The nations that are signing bi-lateral trade deals with the United States have agreed to legalise trade unions as part of the package.

And Iraq’s Kurdish regional government is using its newfound autonomy to let small foreign firms drill for oil and gas within its borders.

Nor are more economically conservative Iran and Saudi Arabia being left out—they are privatising their petrochemical sectors.

As Middle Eastern nations join the World Trade Organisation they have to open up their downstream operations to international competition, which will result in Shell and Total petrol stations flourising on Arabian roads.

Some of these experiments may fail while others prosper. But what they show is that the region is not staying static and making the mistake of using high energy prices as a cushion to sit on.

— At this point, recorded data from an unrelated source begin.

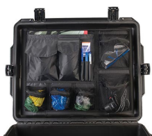
iM27XX-UTILITYORG Organizador de accesorios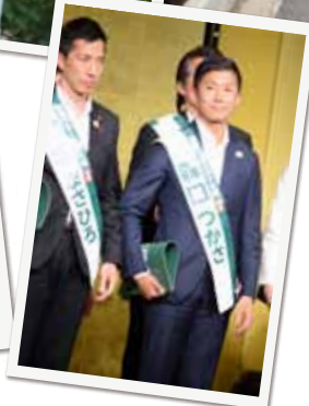
▲都民ファーストの会総決起大会にて。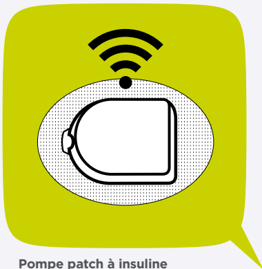
Pompe patch à insuline

autotests VIH, montrent que les boîtes à aiguilles DASTRI, conçues pour les patients en auto-traitement, n'ont été proposées par les pharmaciens aux acheteurs d'autotests que dans 54 % des cas (enquête 2015) et 32 % (enquête 2016), la principale raison étant que les pharmaciens ne pensent pas à remettre une boîte en même temps que le kit de test (41 % des répondants concernés). Invités à formuler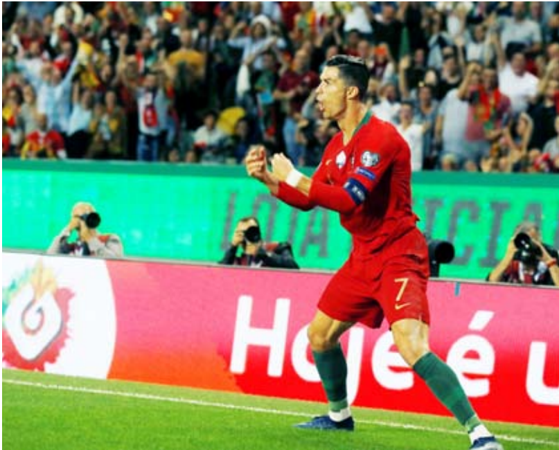
رونالدو سجل هدف البرتغال الثاني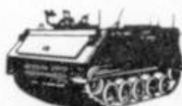
4034 - M-113 - USA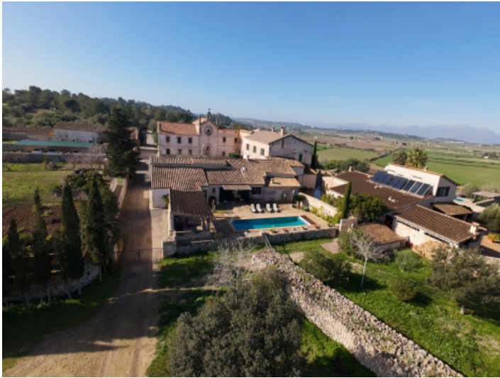
Ansicht der Luxusresidenz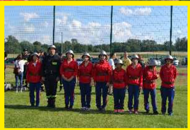
Gminny Stadion w Godzianowie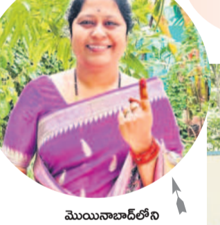
మొయినాబాద్లోని హిమాయత్ నగర్లో..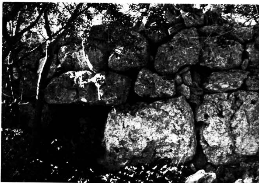
Portal, hoy cegado, de las murallas del poblado de Es Cap Sol (Son Catlar).

Instead they are diversifying their economies and economic models and are trying out different and imaginative ways of doing things.

Although the Middle East’s political and economic systems are very different, its governments face many of the same challenges: growing populations of young citizens who need employment opportunities; economies that are very dependent on fickle energy prices; the remorseless march of globalisation and foreign competition; increasing rhetoric from the United States about finding other energy sources; and the region’s political instability.

The winds of change are blowing across the Gulf and, despite what many political analysts say, instead of battening down their hatches to insulate them selves from change, its oil producers are hoisting their sails to catch them.